Prababcia Rozalia Wartecka z domu Borucka ur. 1863 zm. 1943
Miała siostrę i brata, brat zmarł tragicznie pod kołami wozu w wieku ok 2 lat. Pochodziła z szlacheckiej ale zubożałej rodziny. Majątek został sprzedany, a babcia wyszła za mąż za Andrzeja Warteckiego, co było postrzegane jako mezalians, ponieważ dziadek Andrzej był gorzelanym w majątku Nagradowice.
Nie wiem, czy to o tym fakcie mowa, ale znalazłam w http://teki.bkpan.poznan.pl/ następującą notkę:
7506 (Dziennik Poznański) 1891
Pozn. 18/VII. Kom. Kolon. kupiła od Boruckiego wś Wanda w p. ostrzeszow. (nr 162) nie z wolnej ręki ale na subhaście (nr 163)
Pozn. 18/VII. Kom.
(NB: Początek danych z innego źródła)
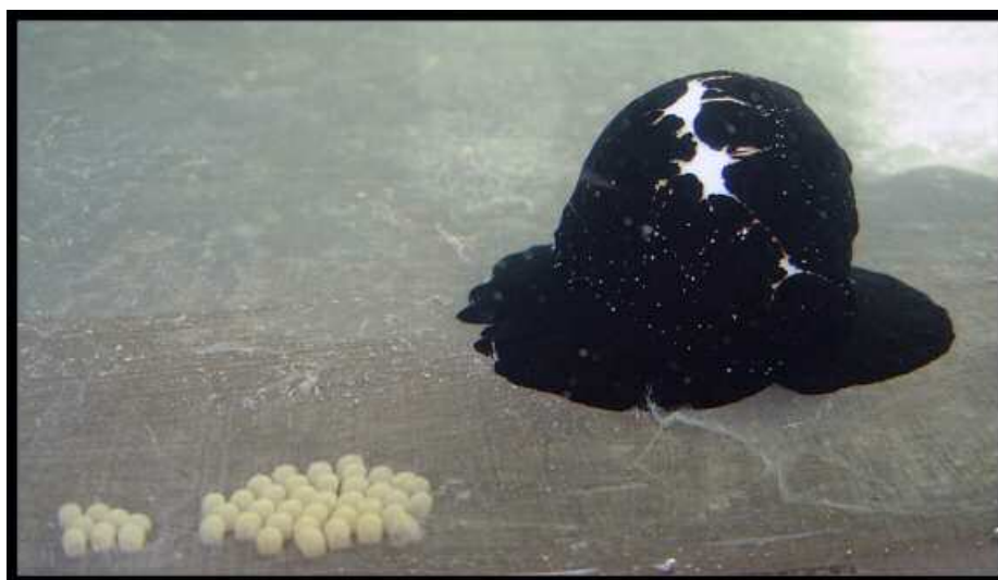
Figure 1. Female Ovula ovum with capsule mass.

O. ovum laid egg capsules every month from July to November on hard substrata (e.g. on the sides of the tanks or inside crevices in the concrete blocks). Spawning either coincided with the full moon or occurred a few days afterward. The laying of egg capsules by a single female could take as long as 74 h, although the average was between 32 and 48 h. Sometimes the process was uninterrupted, even during the daytime. It took between 5 and 15 min to release a single capsule, but the interval between each laying varied greatly. Some females released their capsules in a rapid sequence

Kolon. kupiła od Boruckiego wś Wanda w p. ostrzeszow. (nr 162) nie z wolnej ręki ale na subhaście (nr 163)
Nie wiem, czy dotyczy to konkretnie moich przodków lub ich krewnych, ale to jedyne co znalazłam. Zgadza się nazwisko i fakt sprzedaży Komisji Kolonizacyjnej. Reszta – nie mam pojęcia!
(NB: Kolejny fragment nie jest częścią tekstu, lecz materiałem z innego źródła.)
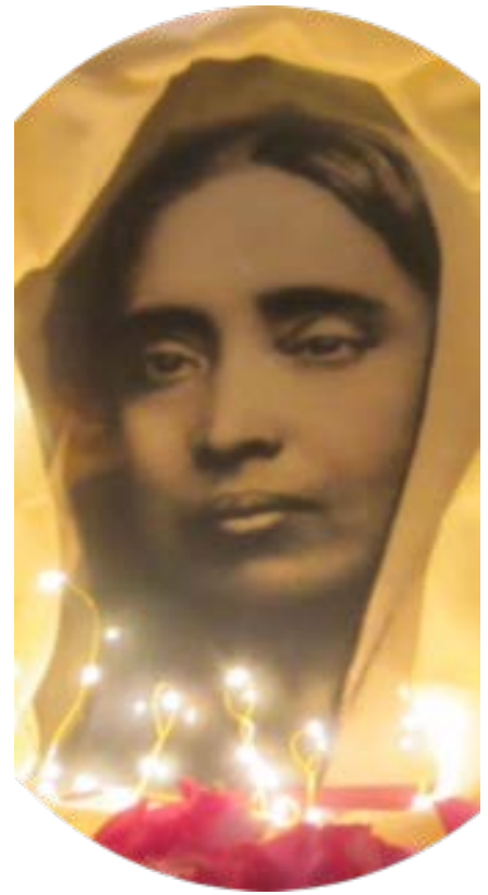
The Holy Mother at the Samiti Shrine.

Mieli 11 dzieci, dziadka Teodora w zasadzie wychowywała starsza siostra Wikcia, bo był najmłodszy.
Z babcią Rozalią wiąże się jedna opowieść rodzinna, ale bardzo ważna. Warteccy zamierzali wyemigrować do Ameryki do zamieszkującej tam rodziny. Wszystko było załatwione, wozy załadowane, ale uświadomiła sobie, że będzie płynęła przez „wielką wodę” przez tyle czasu! Babcia się przestraszyła i postanowiła, że nigdzie nie jedzie. Dziadek się tak na nią wściekł, że zniknął z domu na pół roku.
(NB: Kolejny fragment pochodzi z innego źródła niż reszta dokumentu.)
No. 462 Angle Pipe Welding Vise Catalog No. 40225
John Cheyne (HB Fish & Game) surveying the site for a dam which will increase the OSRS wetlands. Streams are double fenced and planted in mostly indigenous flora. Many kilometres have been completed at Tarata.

W sumie dobrze, że nie popłynęli… Nie byłoby mnie na tym świecie.
Jedyne zdjęcie, na którym znalazłam prababcię: ślub siostry dziadka (Władysławy) 12.X.1930r.
Brawo Miła, popieram Twoją opinię, ale z drugiej strony nie musielibyśmy się starać o Wizę Amerykańską. Pozdrawiam !!!